Später, mitten in der Nacht, nehmen die ersten kleinen Gruppen den vier Kilometer langen Weg zur Strasbourger Innenstadt auf sich. An der Vauban-Brücke, die zur Hafen- und Zollinsel führt, sammelt sich am Vormittag eine immer grösser werdende Menschenmasse an; auf der Brücke die geschlossenen Reihen der Polizei in blauer Gefechtsmontur, vor der Brücke die Demonstranten, anfangs noch mit bunten Friedensfahnen und Transparenten.

Zwei Stunden später sind die Farben Grau und Schwarz, grau vom Nebel des Tränengases, schwarz von den Kutten des Schwarzen Blocks, der sich an die Spitze des Demonstrationszuges gesetzt hat, Pflastersteine aus dem Boden reisst und sie gegen die Polizeieinheiten wirft.
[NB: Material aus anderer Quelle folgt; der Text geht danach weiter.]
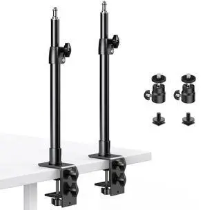 Camera Desk Mount Table Stand, Adjustable Light Stand 15"-35", Tabletop C Clamp for DSLR Camera, Ring Light, Live Streaming, Photo Video Shooting

Das Gefecht wogt ein paar Stunden hin und her, begleitet von einer Gruppe behelmter Fotografen. Der Hauptteil der Demonstranten hat sich nach hinten zurückgezogen. "Wir sind friedlich, was seid ihr?", skandieren sie zur Brücke hoch, wo die beiden Blöcke sich gegenseitig beschiessen, aber keiner hört mehr hin und keine Kamera fängt sie mehr ein.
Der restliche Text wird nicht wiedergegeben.